No legal framework has been agreed for Glovo’s deliverymen. So, while the start-up keeps expanding, new court proceedings keep coming up. The latest ruling on October 7 gave the reason to the company, endorsing the self-employed status of Glovo’s riders. “Deliverymen’s freedom of choice of the time slot, the possibility of refusing an order even after it has begun to be executed or the freedom to choose the route to reach the destination set by the customer,” were some of the grounds on which the judgment was based.
Far from clarifying the situation, this verdict highlights the division of views on the issue in the Spanish Justice. After 18 rulings on individual cases, neither the company nor the riders have achieved legal certainty. However, if the case reaches the Supreme Court, judges will unify doctrine.
Although the last Glovo’s sentence is final, the fact that other judges have ruled the opposite on equal cases makes it appealable to the highest judicial instance. It will be the Supreme Court who decides whether the case met the necessary conditions for pronouncement.
Other collective trials on deliverymen’s labor status
Glovo is not the only app struggling in court. The British company Deliveroo has different judicial proceedings opened in Spain. In its case, the trials have not only focused on individual cases. This summer a Court of Madrid ruled that 537 Deliveroo riders working in the Spanish capital were employees operating under a false appearance of self-employed. The same judgment was dictated by a Court of Valencia affecting 97 riders a few weeks before.
Madrid’s judge exposed that the Deliveroo riders “had executed a personal work under conditions organized and directed by the company, which is the only one that controls the Deliveroo brand, the digital application, and all the information about it.” The judge of Valencia also pointed out that “the real means of production are not the bicycle and the mobile that the rider uses but the digital platform that matches the supply and demand, which is owned by the company.”
For the time being, the delivery sector keeps awaiting a final doctrine that clearly defines the figure of riders and its labor relationship with home-delivery companies. Both Glovo and Deliveroo have asked the Spanish government to remove the regulatory obstacles that prevent their business models from expanding faster. The companies agree that there must be a legal framework that will not destroy the business model “which has proven practical and useful for all parties involved.”
Meanwhile, Spanish riders ask the Executive for protection against precariousness.
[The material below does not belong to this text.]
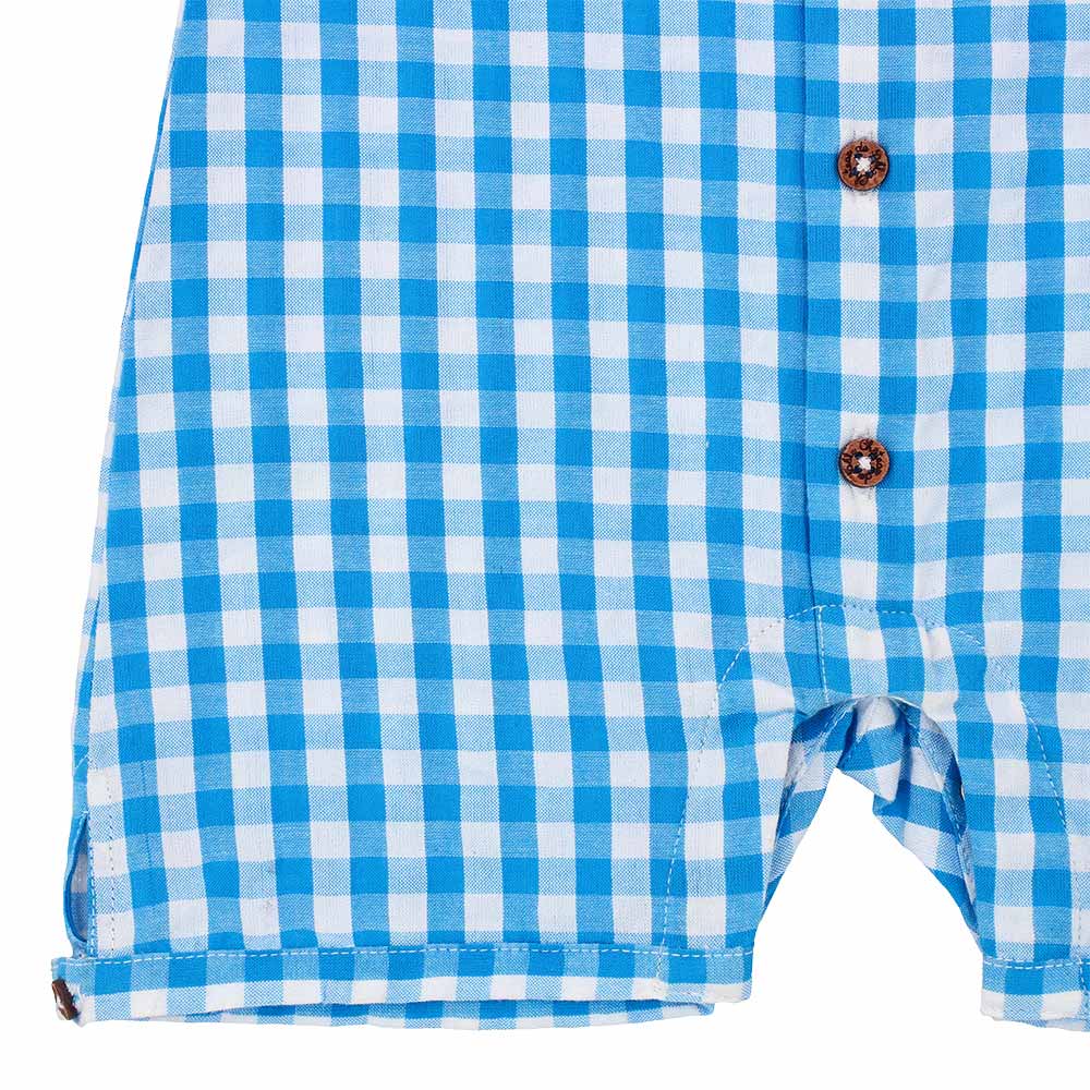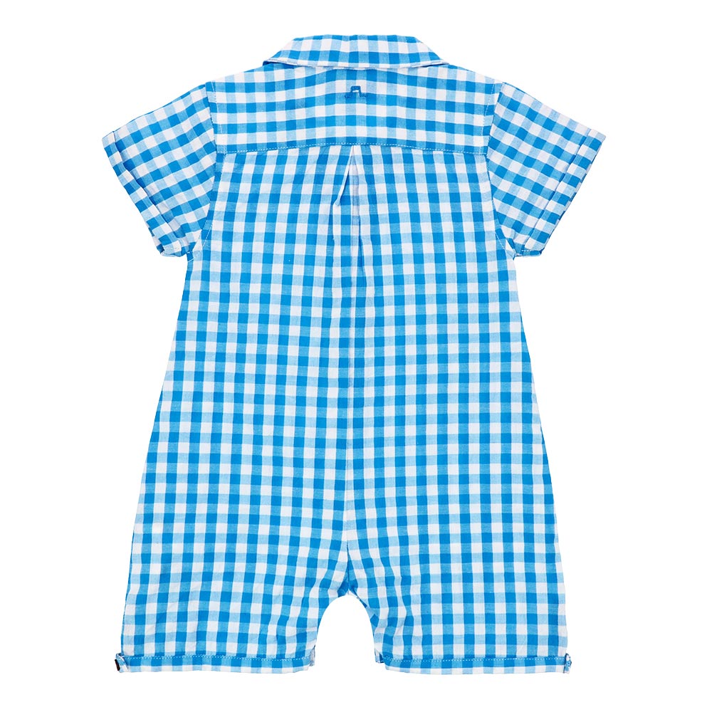 A classic collared romper shirt crafted from lightweight seersucker Vichy checks offers breathable comfort with a timeless look.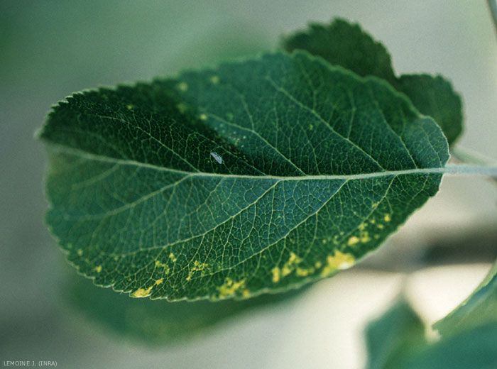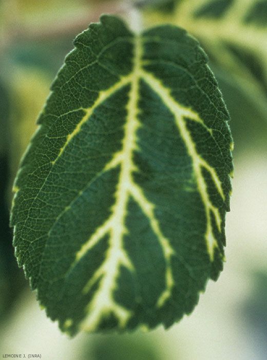 Les taches, généralement jaune franc à crème, évoluent pendant la croissance annuelle : mosaïque dispersée sur les premières feuilles, puis réticulation sur les nervures, parfois jaunisse partielle ou totale, enfin stries ou points diffus sur quelques feuilles estivales, et rétablissement lorsque la température s’élève.

Deliverymen are not back by collective agreements, they must finance the necessary means to do their activity, and they must pay their own Social Security fees under the status of self-employed.
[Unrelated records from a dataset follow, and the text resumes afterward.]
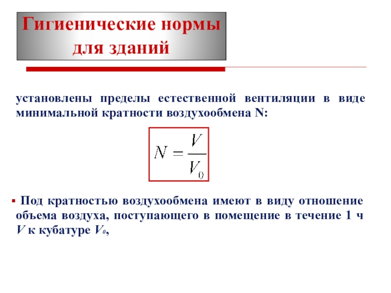 отношение объема воздуха, поступающего в помещение в течение 1 ч V к кубатуре V0,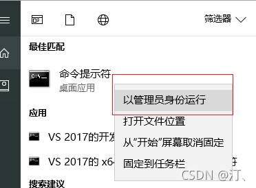 打开cmd.exe程序的时候选择“用管理员身份打开”。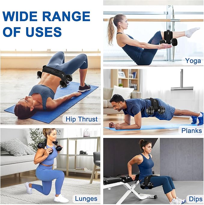 - 【Multi-Functional Fitness Companion】The multi-functional dumbbell belt for hip thrust can be used with dumbbells, kettlebells, plates or any type of weight to accommodate a variety of body shapes and sizes, whether male or female. Add weight to the hip thrust exercise band for dumbbell hip thrusts, glute bridges, squats, lunges, planks, parallel bar dips, reverse hyper extensions, B-stance hip thrust, single-leg hip thrusts, side lunges and push-ups.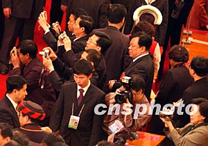 人大代表們三月十八日在北京參加全國人大十屆一次會議的閉幕大會前,紛紛拍照留念。作者:賈國榮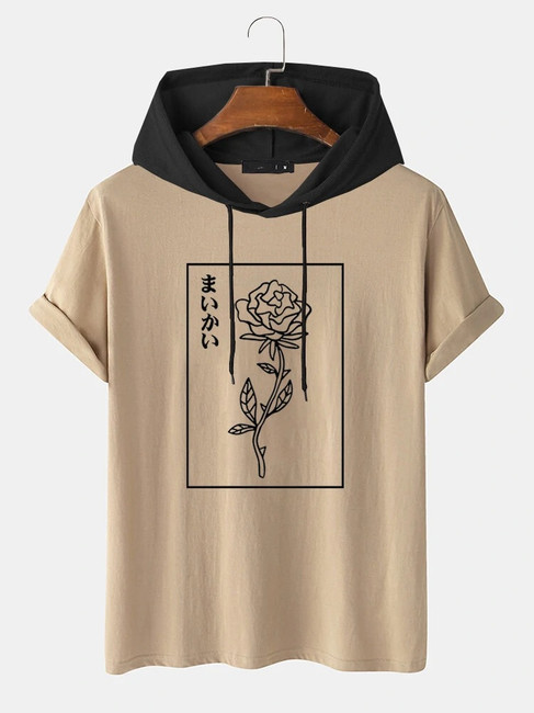 Fifth Avenue Floral Text Print MIFT449 Hooded ROKA T-Shirt - Cream Black

The EU will “address” the situation digital platform workers
During the hearing sessions last week at the European Parliament to form the new European Commission, commissioner Margrethe Vestager said that riders should “be able to form unions to defend their rights.” The Danish candidate expressed her intention to address the situation of digital platform workers during her next mandate as Executive Vice President for “A Europe Fit for the Digital Age”, although she did not give much detail on the issue.